PROBLEM REQUIREMENTS:
Each line of the data below should be restated exactly, with images left out.

ENTRIES SHOWN:
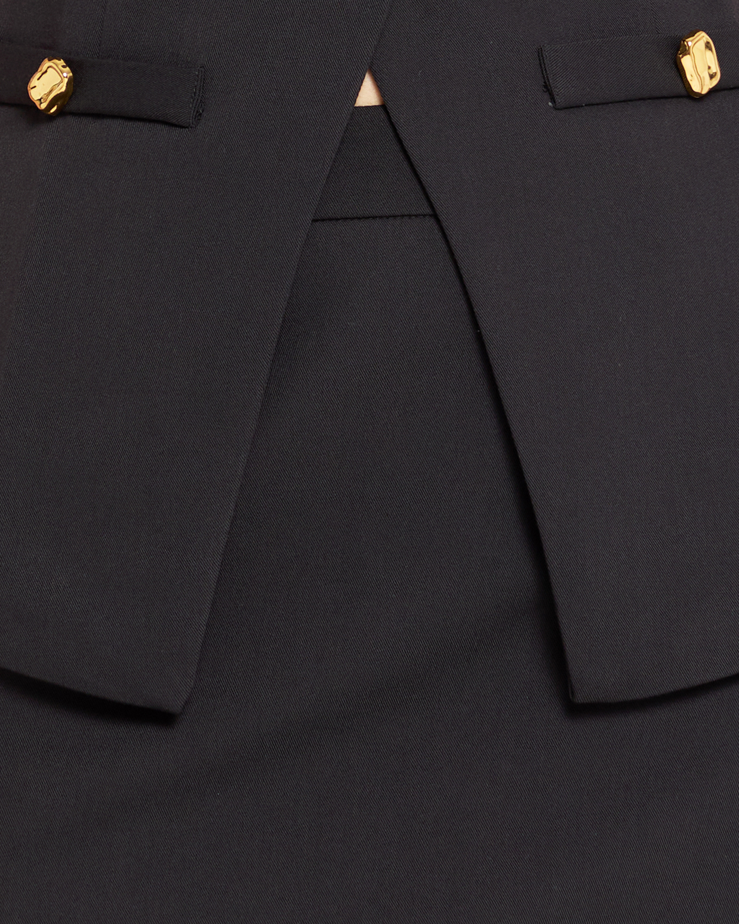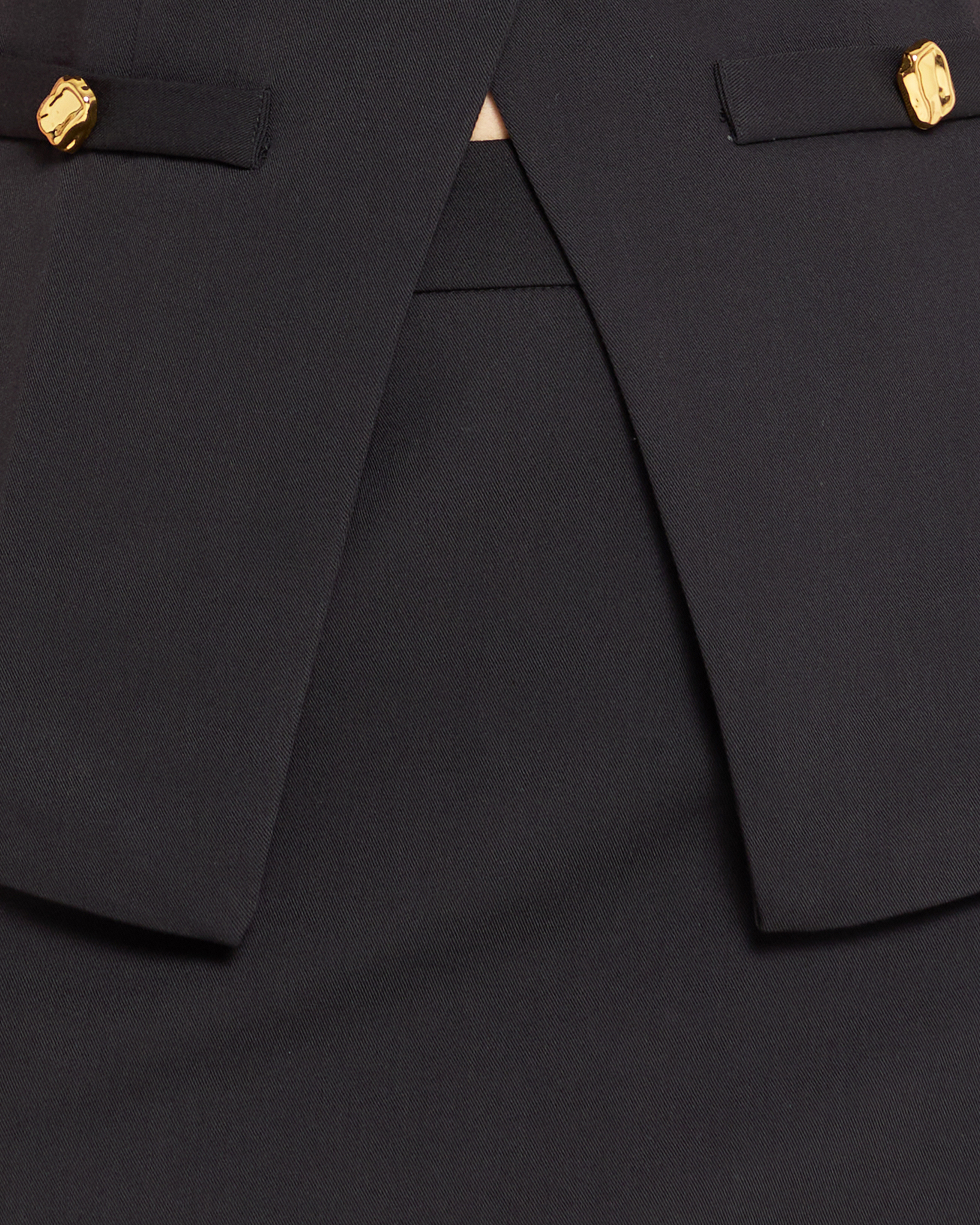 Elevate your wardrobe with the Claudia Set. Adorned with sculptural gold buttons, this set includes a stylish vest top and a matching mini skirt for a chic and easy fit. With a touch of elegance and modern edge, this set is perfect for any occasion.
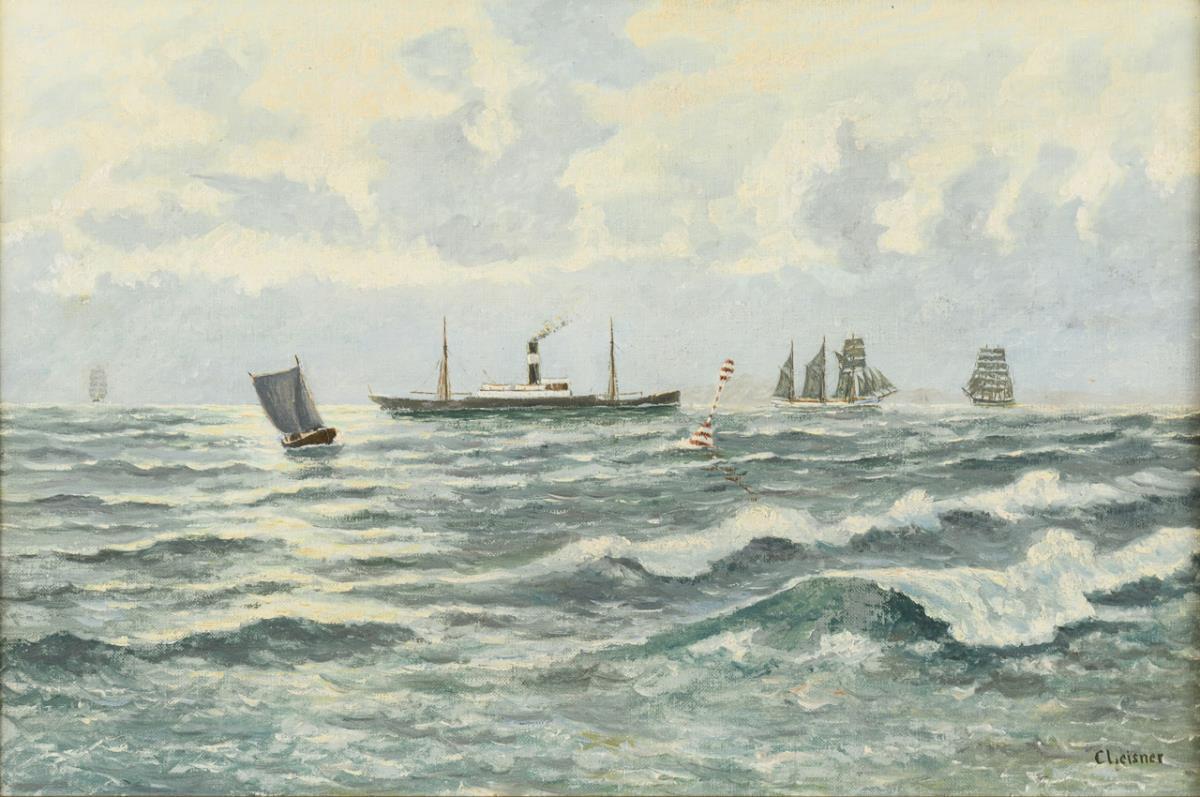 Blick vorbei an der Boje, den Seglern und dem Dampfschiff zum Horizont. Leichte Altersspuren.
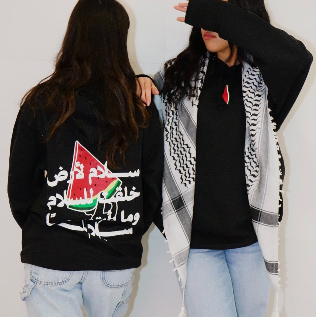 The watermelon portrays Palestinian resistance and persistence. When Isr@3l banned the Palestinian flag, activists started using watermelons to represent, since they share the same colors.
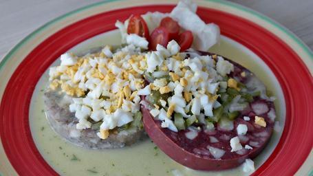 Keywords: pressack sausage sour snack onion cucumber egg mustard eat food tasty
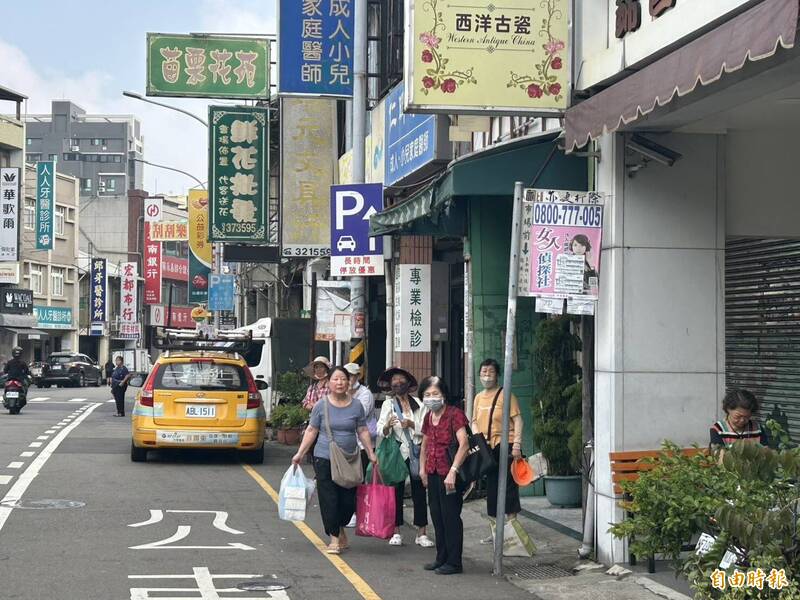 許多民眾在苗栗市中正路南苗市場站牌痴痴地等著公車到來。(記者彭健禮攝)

ANSWER BOX:
 Elevate your wardrobe with the Claudia Set. Adorned with sculptural gold buttons, this set includes a stylish vest top and a matching mini skirt for a chic and easy fit. With a touch of elegance and modern edge, this set is perfect for any occasion.
 Blick vorbei an der Boje, den Seglern und dem Dampfschiff zum Horizont. Leichte Altersspuren.
 The watermelon portrays Palestinian resistance and persistence. When Isr@3l banned the Palestinian flag, activists started using watermelons to represent, since they share the same colors.
 Keywords: pressack sausage sour snack onion cucumber egg mustard eat food tasty
 許多民眾在苗栗市中正路南苗市場站牌痴痴地等著公車到來。(記者彭健禮攝)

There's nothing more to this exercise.